In 2005, Any Minor Dude had his first guitar lesson. The tutor, a session musician of some repute, asked the 10-year-old what he wanted to play, probably expecting to hear Green Day or Black Eyed Peas. Any Minor Dude responded: “Johnny Cash”. It had nothing to do with my influence; he had seen the wonderful video for Hurt on MTV, and became an instant fan. Soon after, he bought the Highwaymen CD (Cash’s supergroup with Jennings and Kristofferson) and polished up on older Cash music, even buying a live DVD. I suspect that Hurt, which features on The Man Comes Around, may have introduced many young people to the genius of Johnny Cash. It certainly established this album as the best known of the American recordings.

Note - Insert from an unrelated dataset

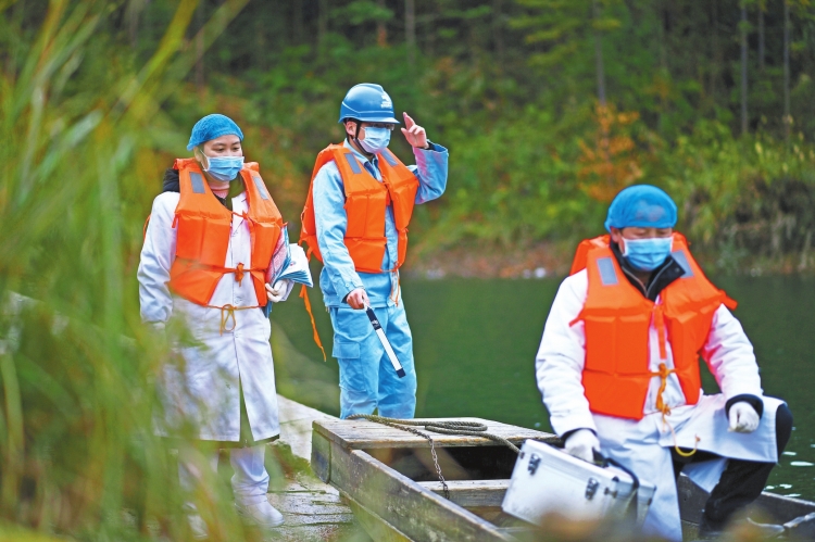2月8日,在臺(tái)江縣革一鎮(zhèn)排生村,臺(tái)江供電局臺(tái)盤供電所黨員王清亮和當(dāng)?shù)匦l(wèi)生部門工作人員乘船前往工作點(diǎn)?!㈤_福 攝影報(bào)道

Few singers achieve such immediate intimacy with her listeners as Seattle’s Rosie Thomas, whose beautiful, vulnerable voice accompanies sweet acoustic melodies. Lovely though her songs may sound, her lyrics are in turn sardonic, sad and dark. On her debut album, childhood is a running thread, with what seem to be random old family recordings linking tracks. As all her subsequent albums (other than last year’s Christmas album), When We Were Small has a sense of deep yearning for absent contentment, fleeting moment of love to fill in long, lacerating periods of loss felt deeply. If that sounds boring, know that Thomas was signed by Jonathan Poneman of Sub Pop, the record label that made grunge, who had caught Rosie singing during her stand-up comedy gigs (what’s that about sad clowns?). This is an astonishing debut, and Rosie would get even better yet.

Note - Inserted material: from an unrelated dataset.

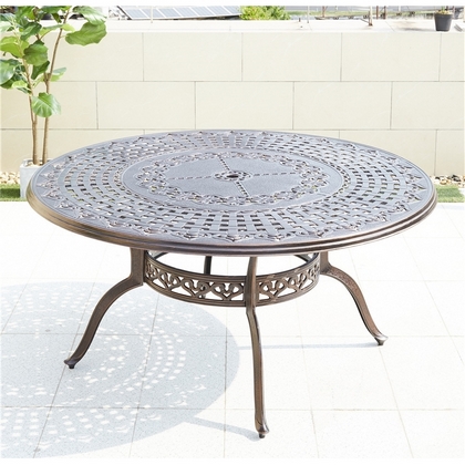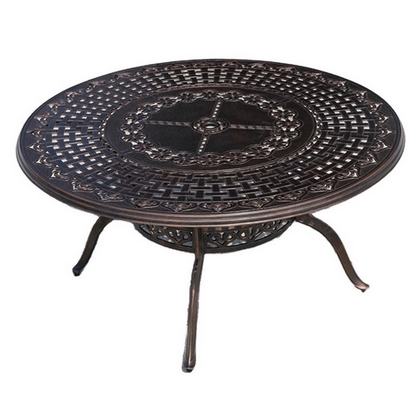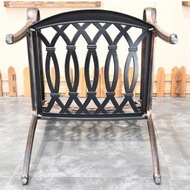 Комплект мебели из литого алюминия состоит из круглого стола и шести кресел с подлокотниками.

My pick of song from this album will alert the Wilco fan which side of the group I prefer: the alt-country Wilco. There’s some of that on Yankee Hotel Foxtrot, which many seem to regard as a highpoint of ’00s music. Some Wilco purists may hate me for saying it, but my preference resides with this album’s 1999 predecessor, Summerteeth, or the undervalued Sky Blue Sky. On Yankee Hotel Foxtrot Wilco go experimental, with noise distortion and electronic innovations, which ordinarily are not my bag. Then what, the reader is entitled to demand, is Yankee Hotel Foxtrot doing on this list? Well, within the Wilco framework, it’s actually very good, and at times exhilarating as the musical dissonance accompanies the discord in the relationships Tweedy is singing about. It may not be my favourite Wilco album, but I’ll concede that it is the Wilco classic.

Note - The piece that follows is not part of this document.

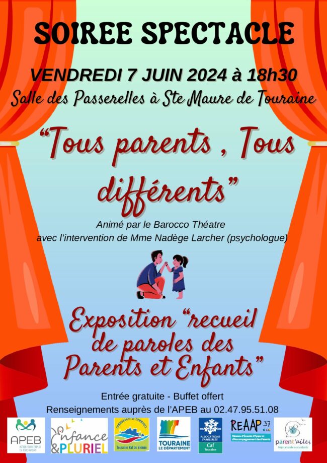 Dans le cadre du REAAP de la Communauté de commune du Val de Vienne, l’APEB en partenariat avec le Dispositif Parent’Ailes /Pôle Ressource Handicap37 porté par l’association Enfance et Pluriel, organise un théâtre-forum intitulé « Tous parents, tous différents ». Cet évènement aura lieu vendredi 7 juin à 18h30 aux Passerelles à Ste Maure de Touraine,…

No artist I like ever comes to play where I live (other than Missy Higgins, whose gig I missed, and Counting Crows, whose tickets I couldn’t afford at the time); only megastars and superannuated irrelevancies fly in to fleece the South African consumer (a largely ignorant group of people who think that Coldplay is on the sharp end of the cutting edge). Happily, I had my fill of great concerts when I lived in London. But if I could invite one artist to tour South Africa, it would be Ben Folds, alone on strength of two DVDs and many bootlegs I have of Folds in concert — and this album.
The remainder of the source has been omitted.